**EXERCISE**
Transcribe, word for word, only the lines from the one containing "开发商Sad Cat Studios今日发布公告宣布2.5D像素风动作游戏《Replaced》将延期至2024年..." through the end of the material below. Pictures stay out.

##### DATA BLOCK

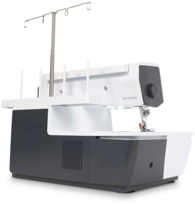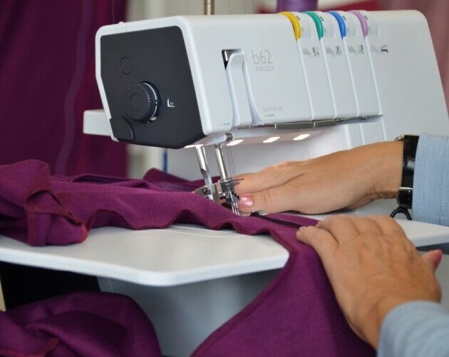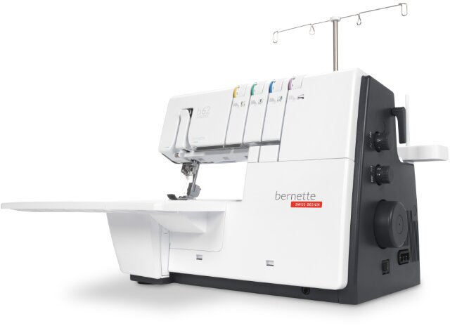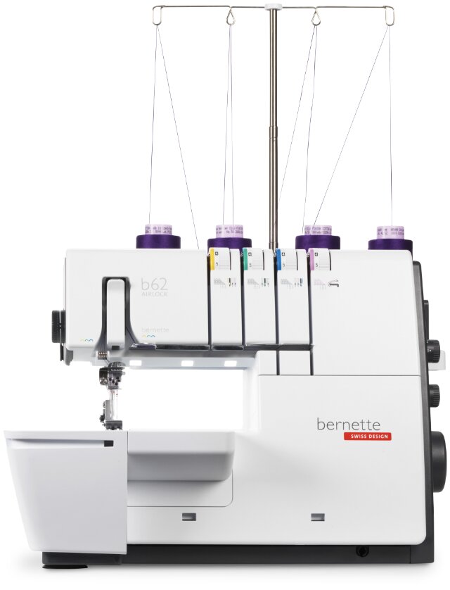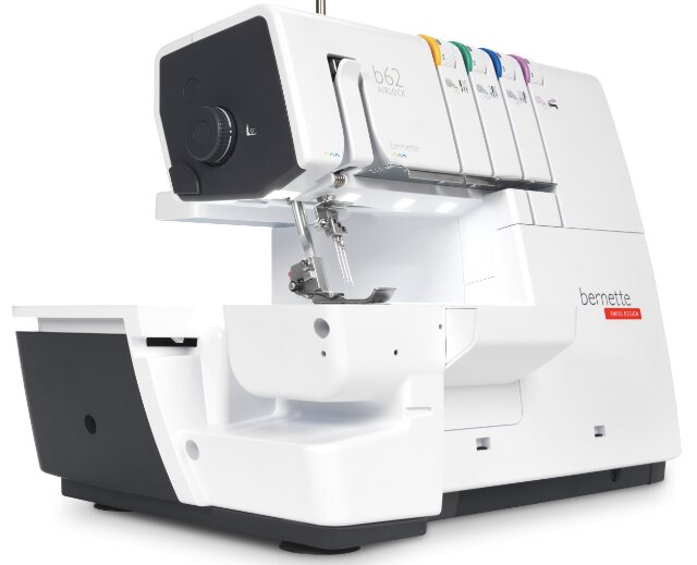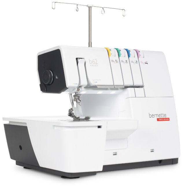 Coverlock Bernette b62 Airlock je až trojihlový stroj na bielizňový spodom krycí steh. Vzduchový navliekač, prídavný stolík dokonale zjednodušuje šitie.
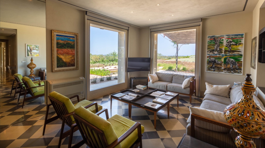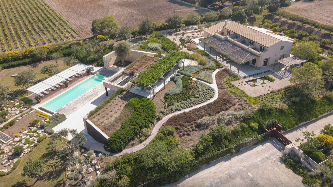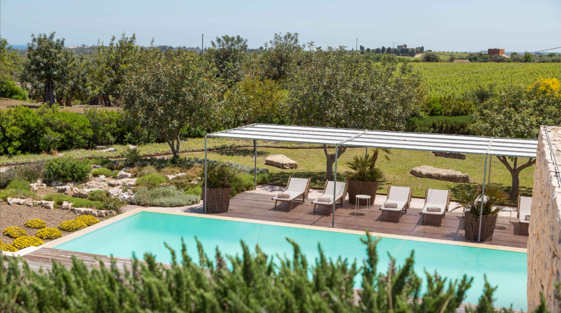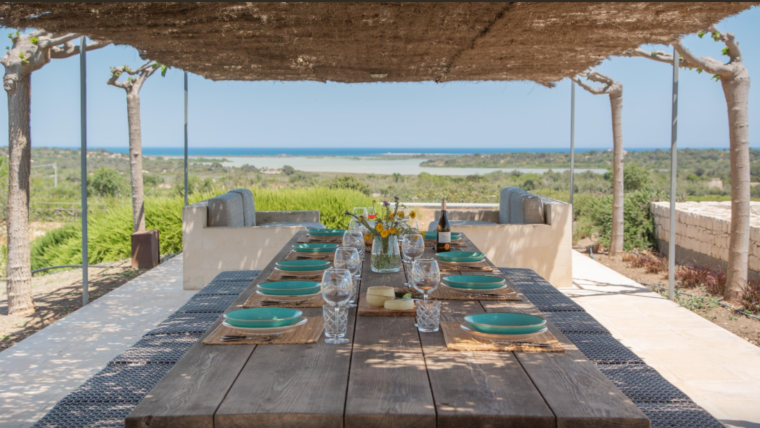 Just 10 minutes from Marzamemi and 20 minutes from the centre of Noto, the villa is ideally located as a base for exploring the area. From its elevated position you will be captivated by the panoramic views of the Vendicari Nature Reserve, just 5 km away, with its wonderful beaches and typical vegetation. In total harmony with its natural surroundings, the sinuous forms of the garden follow the natural undulation of the land around the villa in total osmosis with the views of the reserve. The Villa boasts an exquisitely designed outdoor area under the shade of a canopy with a dining area with barbecue inviting you to pleasant meals. The exterior blends in perfect harmony and fluidity with the interior. The owners have chosen to pay great attention to detail, using local artists and craftsmen.
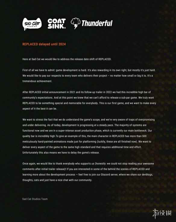 开发商Sad Cat Studios今日发布公告宣布2.5D像素风动作游戏《Replaced》将延期至2024年...
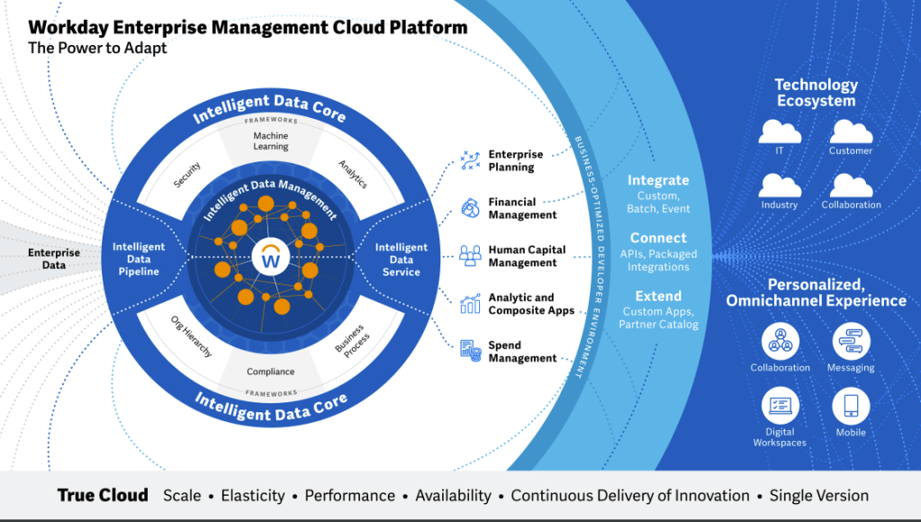 So, Workday crafted its “enterprise management cloud platform,” enabling it to deliver a set of integrated applications that run under a unified business process, common object and security framework.

##########

**TASK RESULT**
 开发商Sad Cat Studios今日发布公告宣布2.5D像素风动作游戏《Replaced》将延期至2024年...
 So, Workday crafted its “enterprise management cloud platform,” enabling it to deliver a set of integrated applications that run under a unified business process, common object and security framework.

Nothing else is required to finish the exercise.